◆ Instructions to follow
All the entries need to be duplicated exactly, with the pictures omitted.
====== Records ======
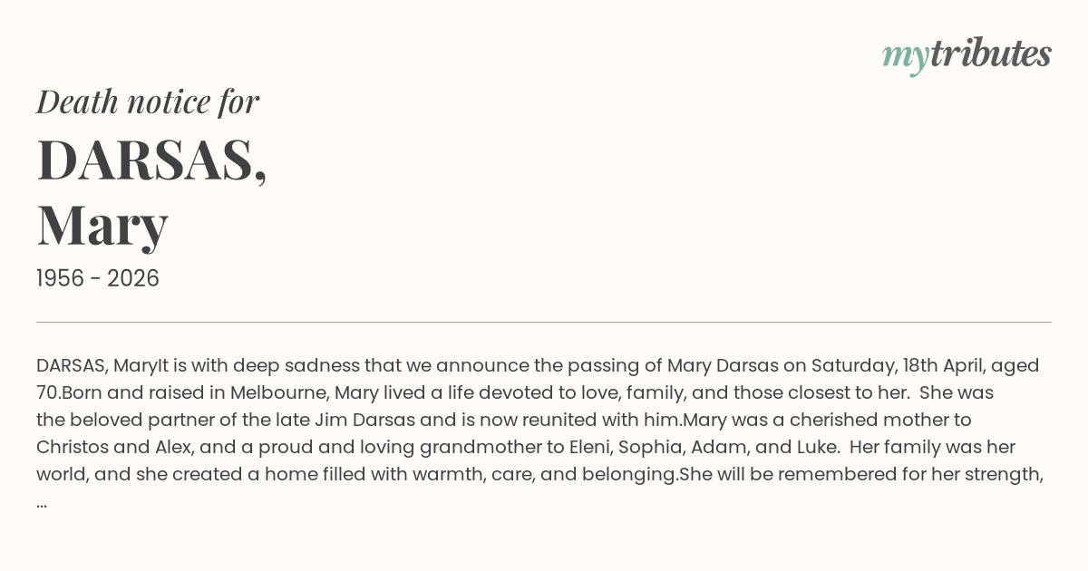 It is with deep sadness that we announce the passing of Mary Darsas on Saturday, 18th April, aged 70.
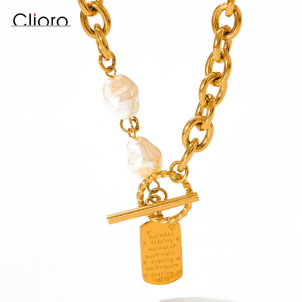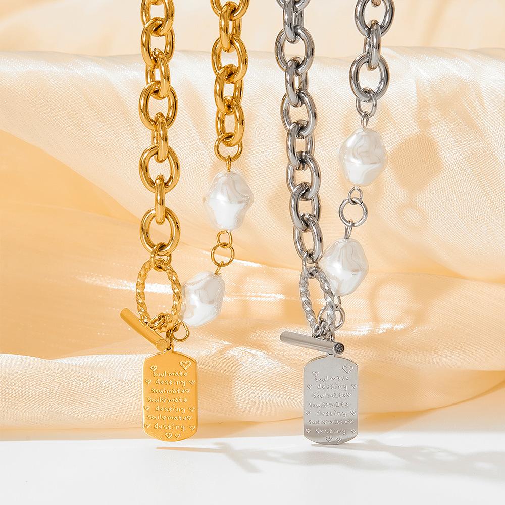 Collar con costura de perlas, moderno collar de estilo neutro para hombres y mujeres, accesorios de cadena de clavícula, cadena de suéter de acero inoxidable punk
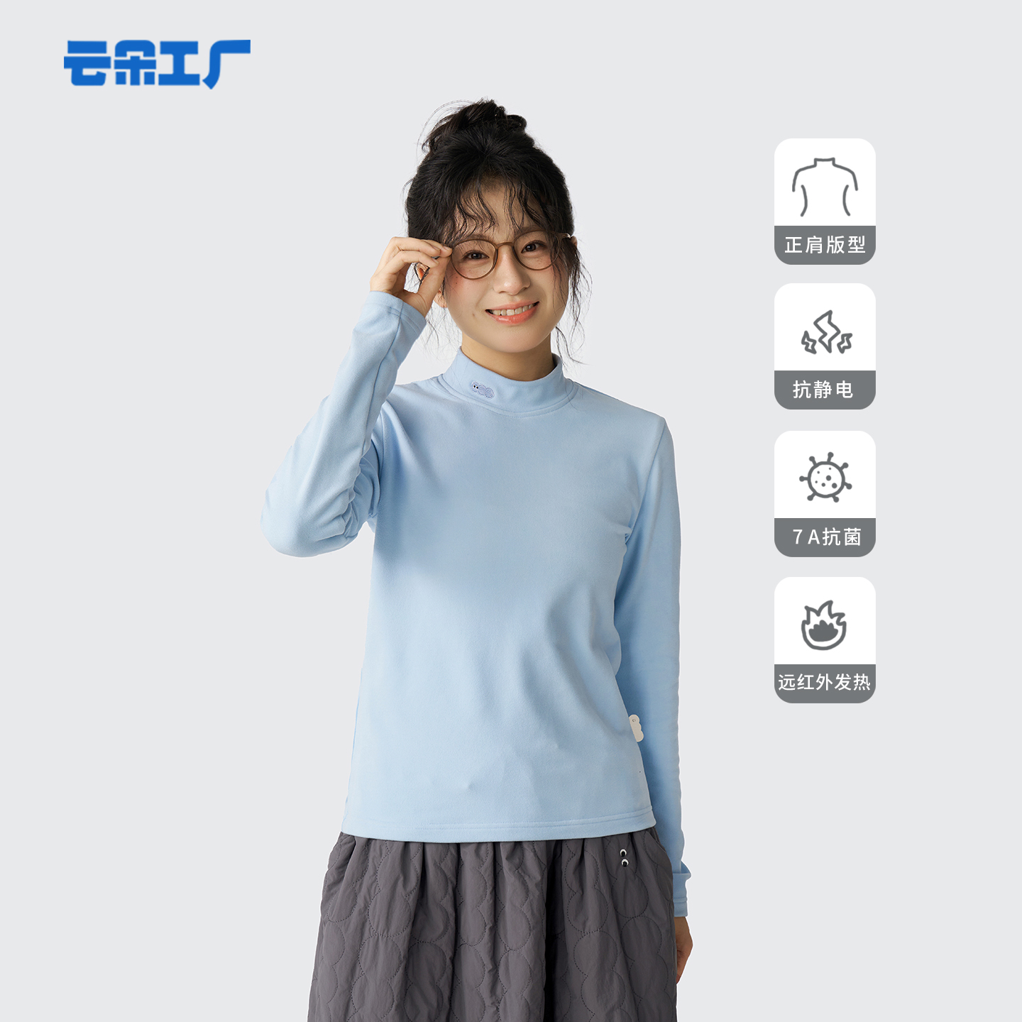 云朵工厂云朵半高领打底衫女保暖上衣发热秋衣抗静电长袖内搭冬季
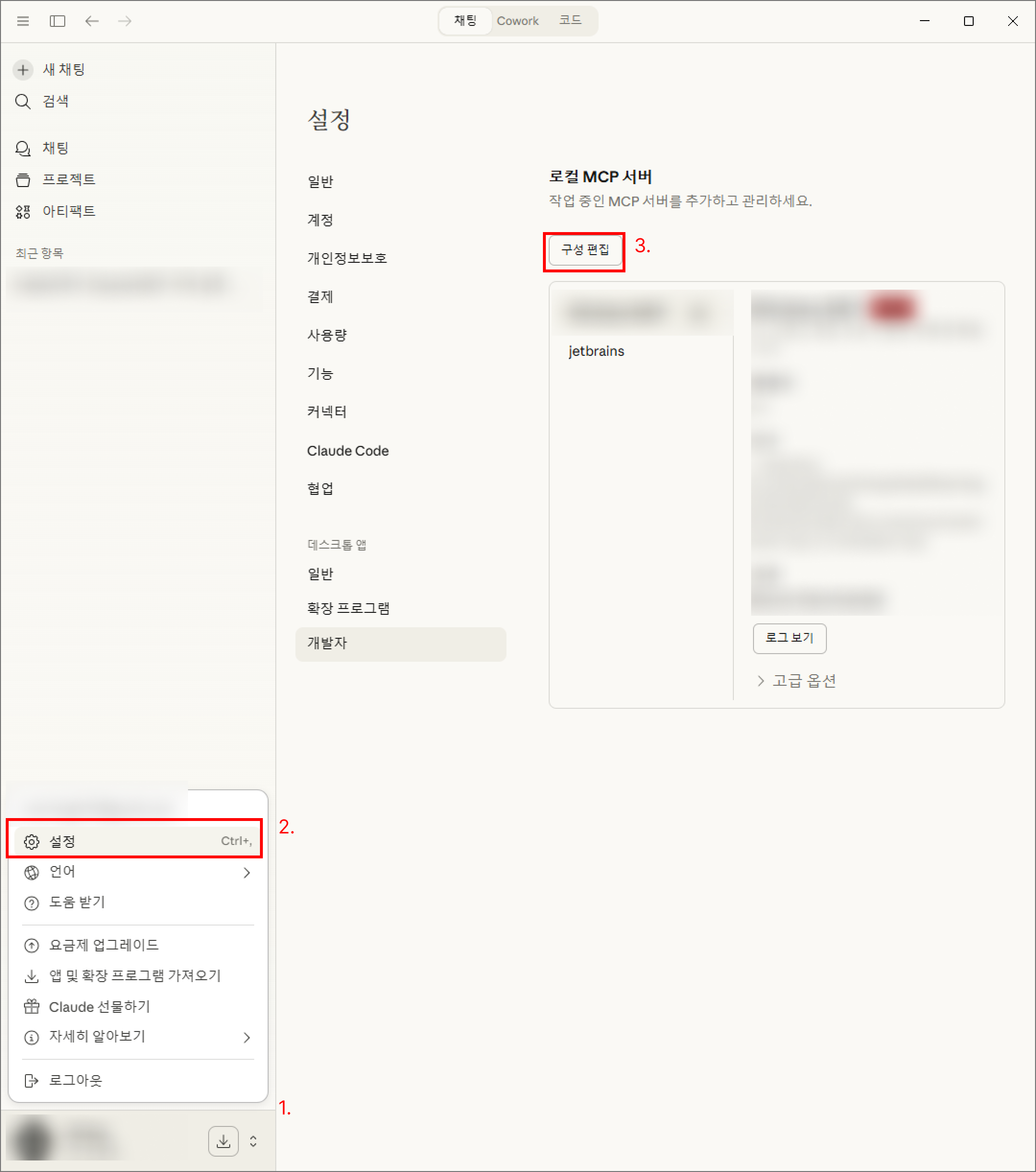 여러 글들을 보니, 왼쪽 하단 설정 > 개발자 > 구성 편집 을 눌러 ` claude_desktop_config.json` 을 확인해보라고 했다.
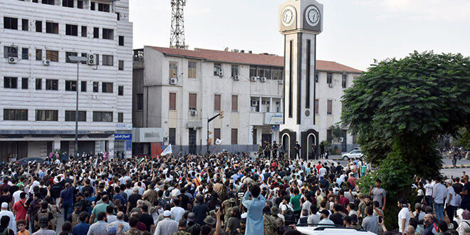 واستنكر المحتشدون في وقفة وطنية عنوانها “جسد واحد في وجه العدوان”، غارات الاحتلال الإسرائيلي التي استهدفت دمشق وريفها والسويداء ودرعا، مؤكدين وقوفهم جنباً إلى جنب مع قوات الجيش والأمن في سبيل الحفاظ على وحدة سوريا أرضاً وشعباً، ودعمهم جهود الدولة السورية لتحقيق ذلك.
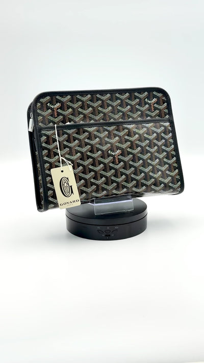 A refined and versatile piece from Maison Goyard, the Jouvence MM combines the iconic Goyardine coated canvas with supple Chevroches calfskin leather and palladium-tone hardware. Its clean, structured silhouette and compact size make it a perfect daily companion — easily carried by hand or inside a larger travel or business bag. The water-resistant interior and flat base ensure both durability and timeless elegance.
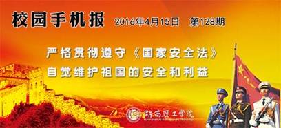※本手机报由湖南理工学院党委宣传部编辑,免费发送,欢迎阅读。更多校园资讯请关注新浪微博@湖南理工学院。
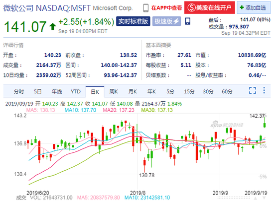 新浪美股讯 北京时间20日消息,截至周四美股收盘,美国科技行业巨头微软公司上涨1.84%,报141.07美元,盘中股价创历史新高142.37美元。目前,微软总市值升至10838.69亿美元,继续占据市值第一大上市公司位置。
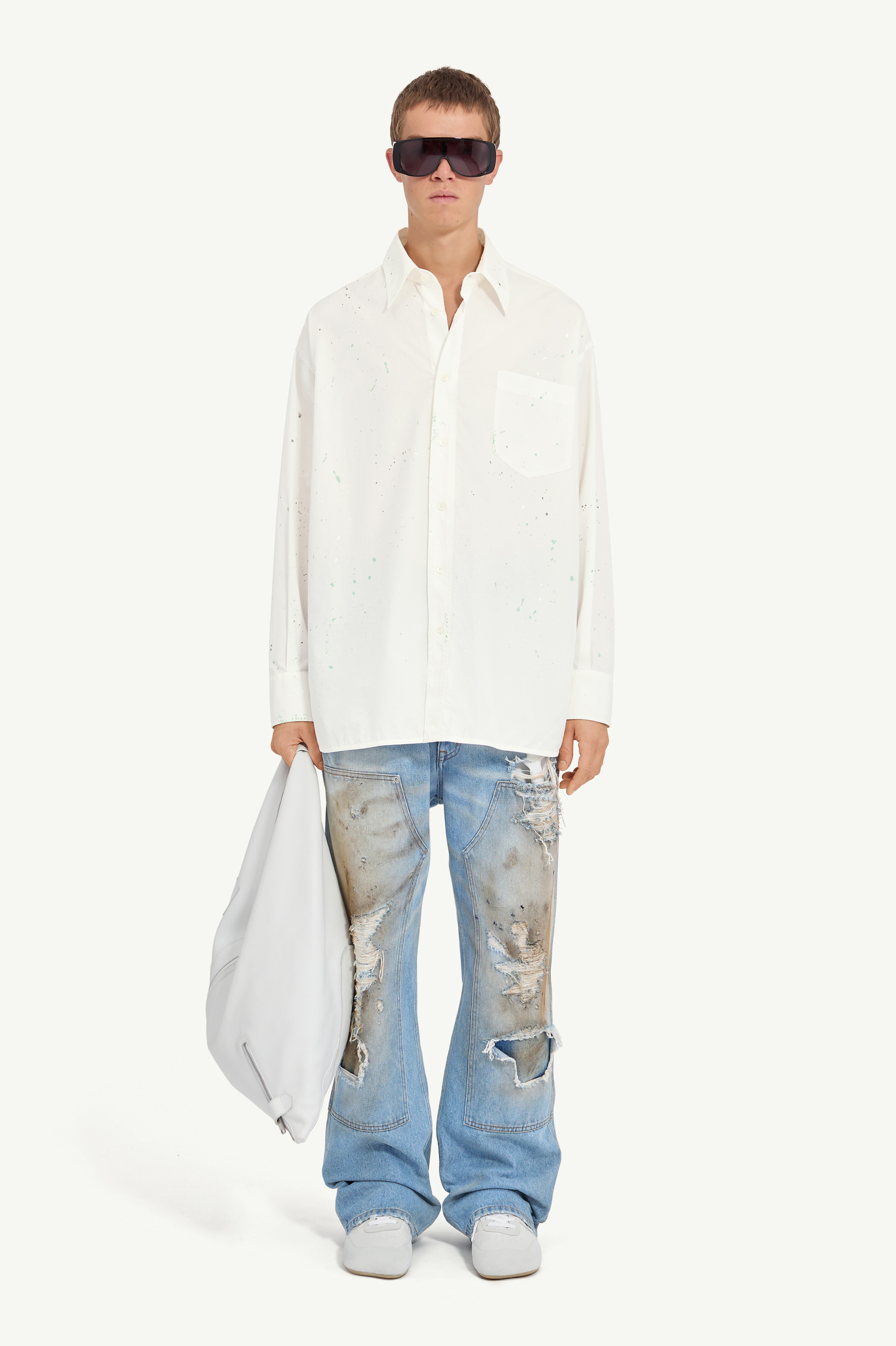 Infused with a sense of process, this white shirt features artisanal paint residue that disrupts its clean lines. A front pocket emphasises functionality, while the white stitch line at the back ties it to MM6’s deconstructed aesthetic. Product Details Item ID SH2DT0022M35458101 Primary Fabric: 100% Cotton Light cotton poplin shirt Handpainted colour splatter Pointed collar Patch pocket Front print Buttoned cuffs Side slits White stitch line at the back Made in Italy
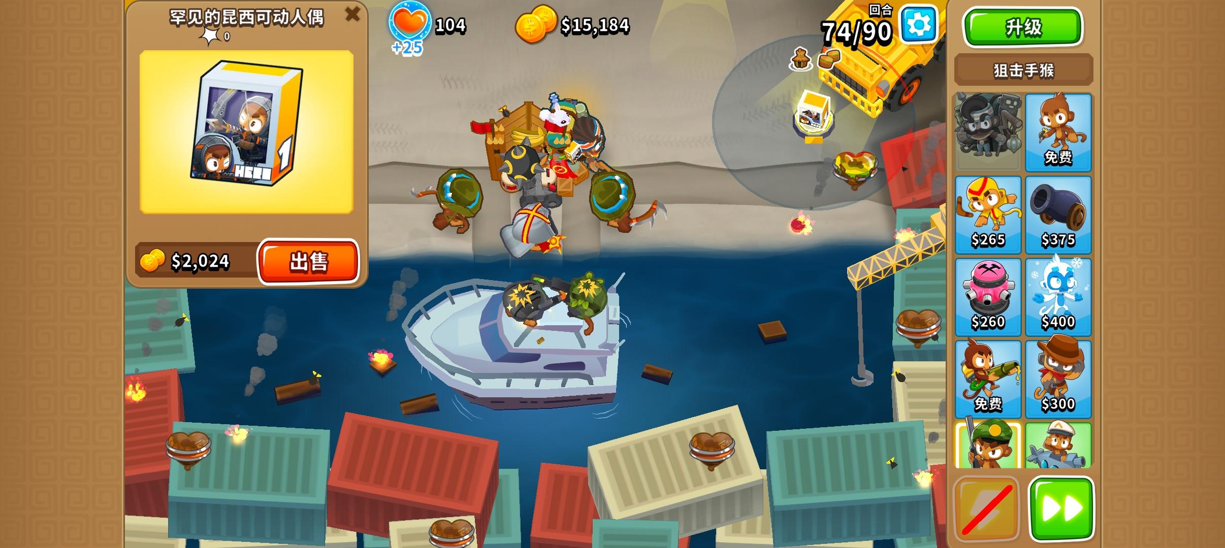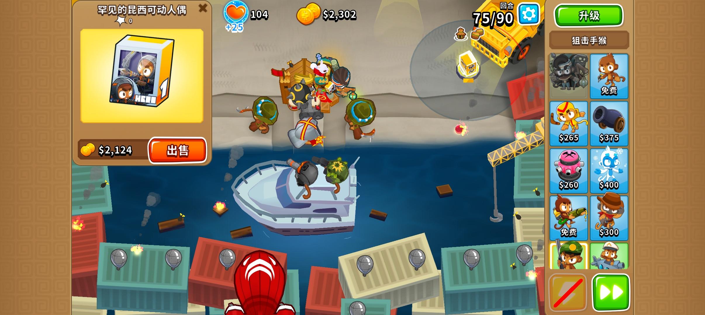 本期征程难度★☆☆☆☆我的奥本被ban了很遗憾不能再用懒人精森地毯了这期的难点在于第四张图的金币减半,相信会困扰很多新手玩家,所以英雄方面我选用了艾蒂安,以更少的花费取代020猴村提供全图探隐,起码1只毛毛用以前期的白嫖,1只回旋镖猴,以及1只狙击猴破铅+破隐 (如图1)第一张图是替代气球模式,做出英雄后直接做002毛毛用以破隐过渡,然后尽快做出100狙击目标强力,随便补些猴子,只要在40回
======
◆ Result
 It is with deep sadness that we announce the passing of Mary Darsas on Saturday, 18th April, aged 70.
 Collar con costura de perlas, moderno collar de estilo neutro para hombres y mujeres, accesorios de cadena de clavícula, cadena de suéter de acero inoxidable punk
 云朵工厂云朵半高领打底衫女保暖上衣发热秋衣抗静电长袖内搭冬季
 여러 글들을 보니, 왼쪽 하단 설정 > 개발자 > 구성 편집 을 눌러 ` claude_desktop_config.json` 을 확인해보라고 했다.
 واستنكر المحتشدون في وقفة وطنية عنوانها “جسد واحد في وجه العدوان”، غارات الاحتلال الإسرائيلي التي استهدفت دمشق وريفها والسويداء ودرعا، مؤكدين وقوفهم جنباً إلى جنب مع قوات الجيش والأمن في سبيل الحفاظ على وحدة سوريا أرضاً وشعباً، ودعمهم جهود الدولة السورية لتحقيق ذلك.
 A refined and versatile piece from Maison Goyard, the Jouvence MM combines the iconic Goyardine coated canvas with supple Chevroches calfskin leather and palladium-tone hardware. Its clean, structured silhouette and compact size make it a perfect daily companion — easily carried by hand or inside a larger travel or business bag. The water-resistant interior and flat base ensure both durability and timeless elegance.
※本手机报由湖南理工学院党委宣传部编辑,免费发送,欢迎阅读。更多校园资讯请关注新浪微博@湖南理工学院。
 新浪美股讯 北京时间20日消息,截至周四美股收盘,美国科技行业巨头微软公司上涨1.84%,报141.07美元,盘中股价创历史新高142.37美元。目前,微软总市值升至10838.69亿美元,继续占据市值第一大上市公司位置。
 Infused with a sense of process, this white shirt features artisanal paint residue that disrupts its clean lines. A front pocket emphasises functionality, while the white stitch line at the back ties it to MM6’s deconstructed aesthetic. Product Details Item ID SH2DT0022M35458101 Primary Fabric: 100% Cotton Light cotton poplin shirt Handpainted colour splatter Pointed collar Patch pocket Front print Buttoned cuffs Side slits White stitch line at the back Made in Italy
 本期征程难度★☆☆☆☆我的奥本被ban了很遗憾不能再用懒人精森地毯了这期的难点在于第四张图的金币减半,相信会困扰很多新手玩家,所以英雄方面我选用了艾蒂安,以更少的花费取代020猴村提供全图探隐,起码1只毛毛用以前期的白嫖,1只回旋镖猴,以及1只狙击猴破铅+破隐 (如图1)第一张图是替代气球模式,做出英雄后直接做002毛毛用以破隐过渡,然后尽快做出100狙击目标强力,随便补些猴子,只要在40回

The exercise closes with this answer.